- Opening Delimiter -

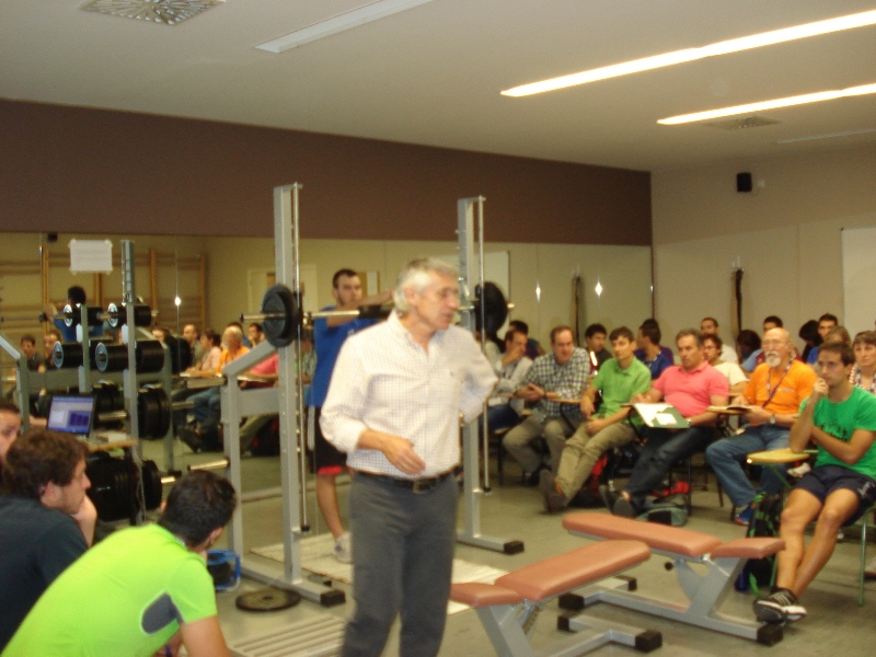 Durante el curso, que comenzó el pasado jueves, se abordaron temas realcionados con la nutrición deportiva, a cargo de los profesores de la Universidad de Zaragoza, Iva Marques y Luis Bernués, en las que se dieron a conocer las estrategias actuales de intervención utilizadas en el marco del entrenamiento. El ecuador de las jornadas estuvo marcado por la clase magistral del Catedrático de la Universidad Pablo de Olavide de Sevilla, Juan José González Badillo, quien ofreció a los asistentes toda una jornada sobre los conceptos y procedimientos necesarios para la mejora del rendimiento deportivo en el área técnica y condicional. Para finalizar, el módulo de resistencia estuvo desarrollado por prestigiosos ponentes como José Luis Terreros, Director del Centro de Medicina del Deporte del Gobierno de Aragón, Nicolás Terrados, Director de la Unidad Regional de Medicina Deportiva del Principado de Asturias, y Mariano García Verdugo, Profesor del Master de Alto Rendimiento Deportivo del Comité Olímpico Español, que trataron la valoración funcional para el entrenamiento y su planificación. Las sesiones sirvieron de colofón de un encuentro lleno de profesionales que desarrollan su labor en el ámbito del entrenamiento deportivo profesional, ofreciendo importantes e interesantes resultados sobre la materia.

- Closing Delimiter -
- Opening Delimiter -

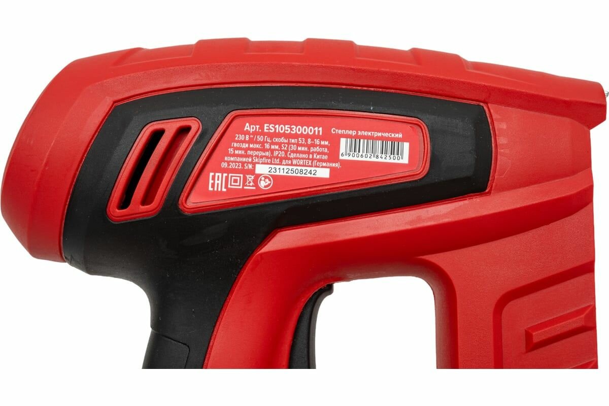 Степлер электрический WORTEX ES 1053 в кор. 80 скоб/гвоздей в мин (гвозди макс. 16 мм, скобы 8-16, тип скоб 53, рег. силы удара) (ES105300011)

- Closing Delimiter -
- Opening Delimiter -

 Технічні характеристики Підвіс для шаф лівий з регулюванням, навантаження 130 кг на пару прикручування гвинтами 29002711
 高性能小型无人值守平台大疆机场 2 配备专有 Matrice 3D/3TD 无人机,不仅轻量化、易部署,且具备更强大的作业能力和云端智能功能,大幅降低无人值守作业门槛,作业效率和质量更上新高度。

- Closing Delimiter -

- **Your goal**:
Output should match, line for line, the stretch of the material above from the line holding "Технічні характеристики Підвіс" through the line holding "高性能小型无人值守平台大疆机场 2 配备专有".

- **Solution for this exercise**:
 Технічні характеристики Підвіс для шаф лівий з регулюванням, навантаження 130 кг на пару прикручування гвинтами 29002711
 高性能小型无人值守平台大疆机场 2 配备专有 Matrice 3D/3TD 无人机,不仅轻量化、易部署,且具备更强大的作业能力和云端智能功能,大幅降低无人值守作业门槛,作业效率和质量更上新高度。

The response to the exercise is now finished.